Work to be completed - Print the records below exactly. Omit every picture.

Material for this exercise -
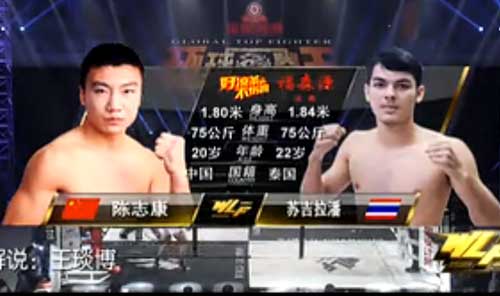 武林风2015-03-28期泰国苏吉拉潘VS中国陈志康,河南拳击三冠王1回合击倒对手3次。中国对泰国男子75公斤级比赛,苏吉拉潘22岁,184cm,75公斤级,战绩49战39胜10负。2011年河南省拳击锦标赛75公斤级冠军,2012年河南省散打锦标赛75公斤冠军,2013年河南省拳击锦标赛75公斤级冠军。以上武林风陈志康KO苏吉拉潘视频。
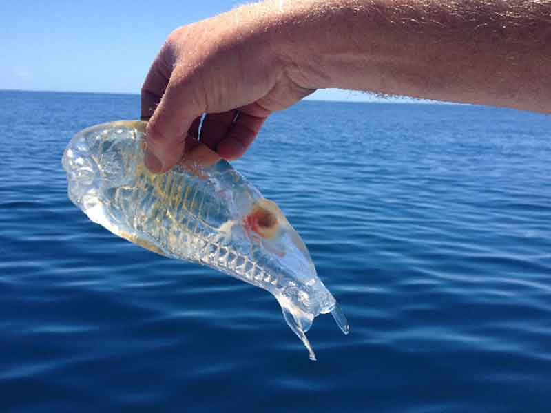 Esta espécimen habita a 150 metros de profundidad en las aguas cálidas de casi todos los océanos del mundo
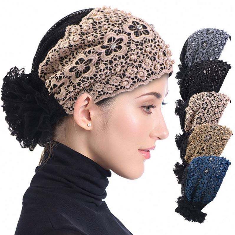 Nuevo Diseño de Turbante Musulmán con Encaje y Flores para Mujer, Hijab Transpirable con Pedrería, Accesorios Multifuncionales para Exteriores
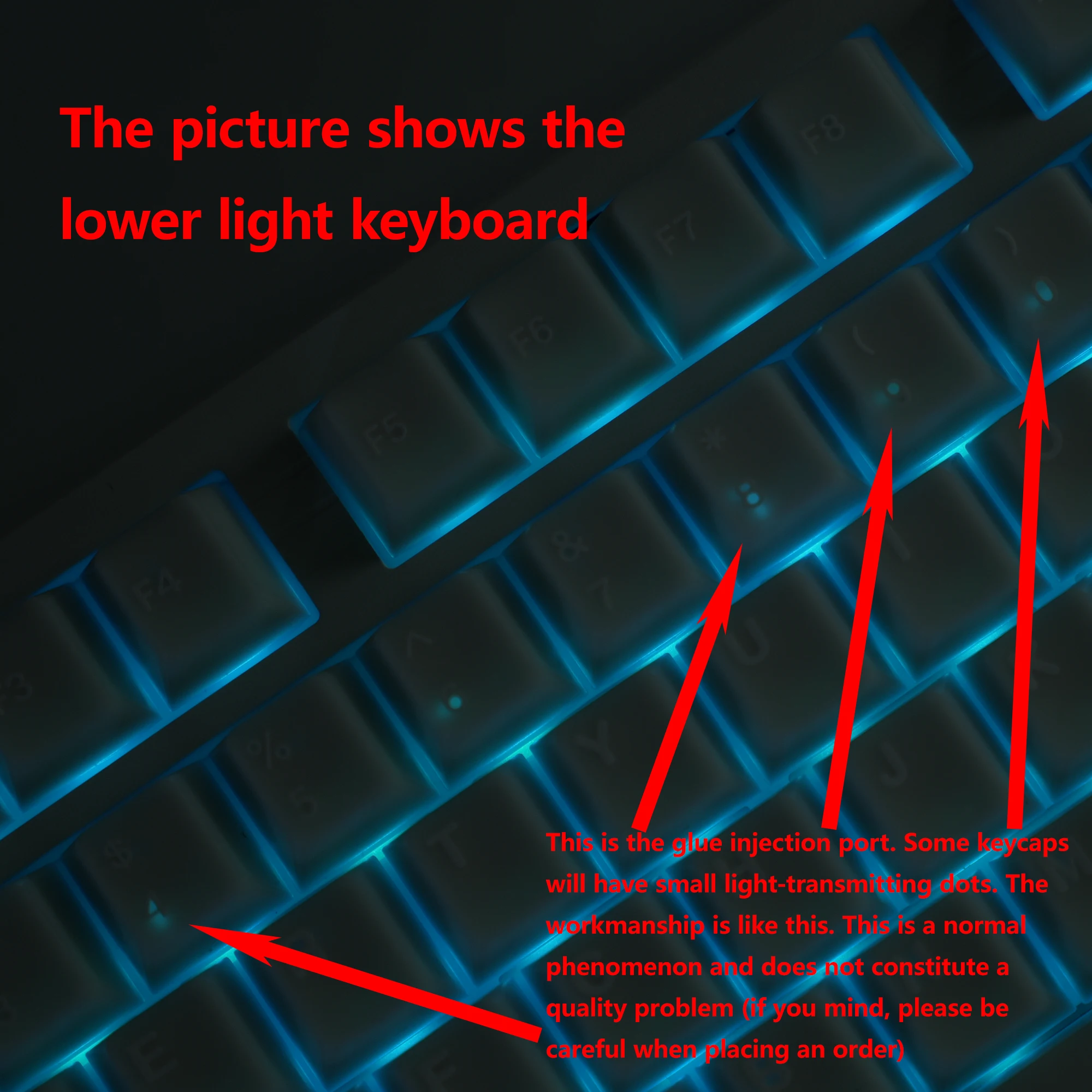 This is the glue injection port. Some keycaps will have small light-transmitting dots. The workmanship is like this. This is a normal phenomenon and does not constitute a quality problem (if you mind, please be careful when placing an order)
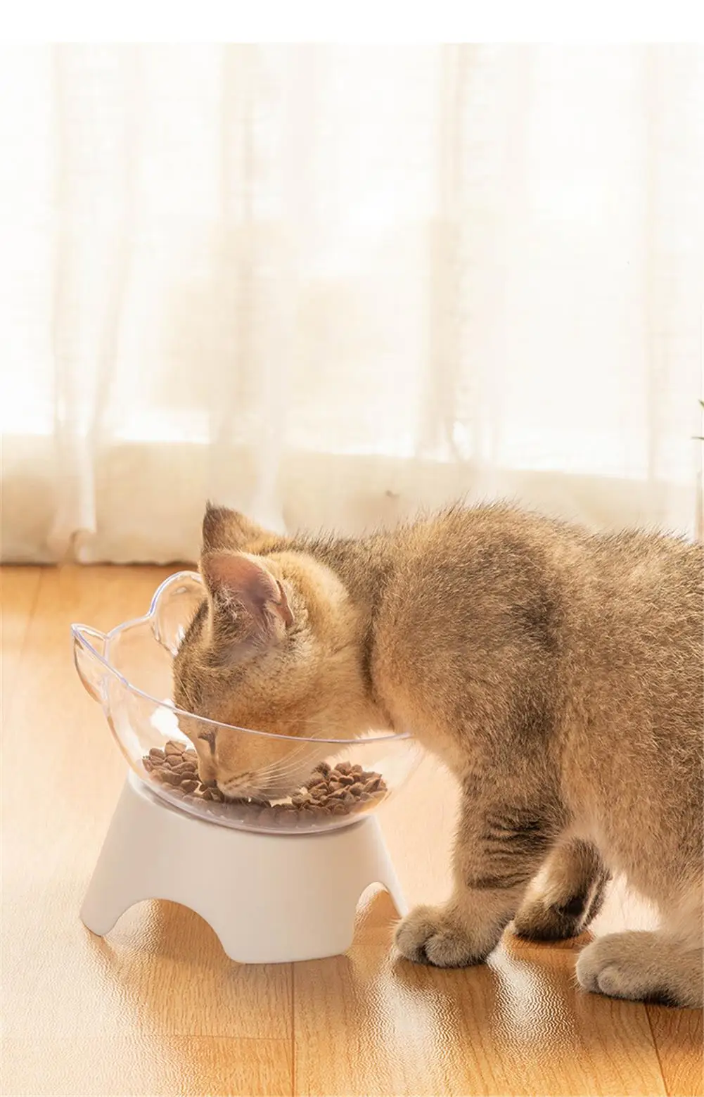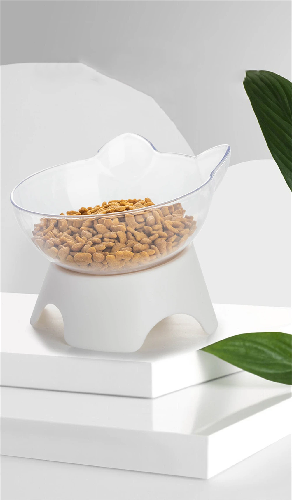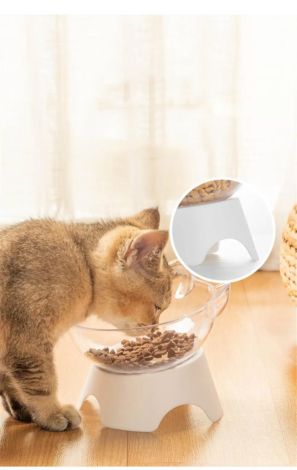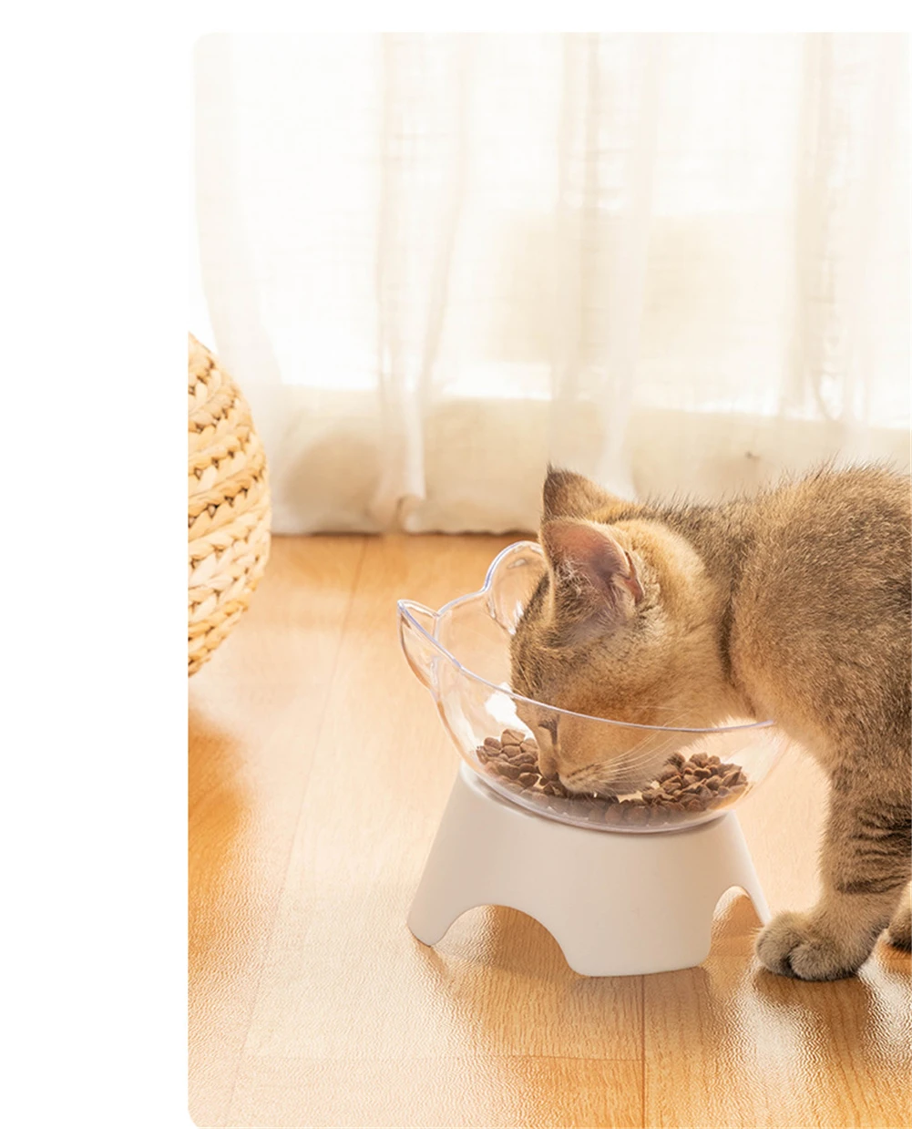 Tazón de comida individual inclinado para mascotas con cuello de protección para gatos, soporte elevado para perros, plato de agua para bebidas, alimentador antideslizante de plástico para mascotas, contenedor de alimentación

Your solution -
 武林风2015-03-28期泰国苏吉拉潘VS中国陈志康,河南拳击三冠王1回合击倒对手3次。中国对泰国男子75公斤级比赛,苏吉拉潘22岁,184cm,75公斤级,战绩49战39胜10负。2011年河南省拳击锦标赛75公斤级冠军,2012年河南省散打锦标赛75公斤冠军,2013年河南省拳击锦标赛75公斤级冠军。以上武林风陈志康KO苏吉拉潘视频。
 Esta espécimen habita a 150 metros de profundidad en las aguas cálidas de casi todos los océanos del mundo
 Nuevo Diseño de Turbante Musulmán con Encaje y Flores para Mujer, Hijab Transpirable con Pedrería, Accesorios Multifuncionales para Exteriores
 This is the glue injection port. Some keycaps will have small light-transmitting dots. The workmanship is like this. This is a normal phenomenon and does not constitute a quality problem (if you mind, please be careful when placing an order)
 Tazón de comida individual inclinado para mascotas con cuello de protección para gatos, soporte elevado para perros, plato de agua para bebidas, alimentador antideslizante de plástico para mascotas, contenedor de alimentación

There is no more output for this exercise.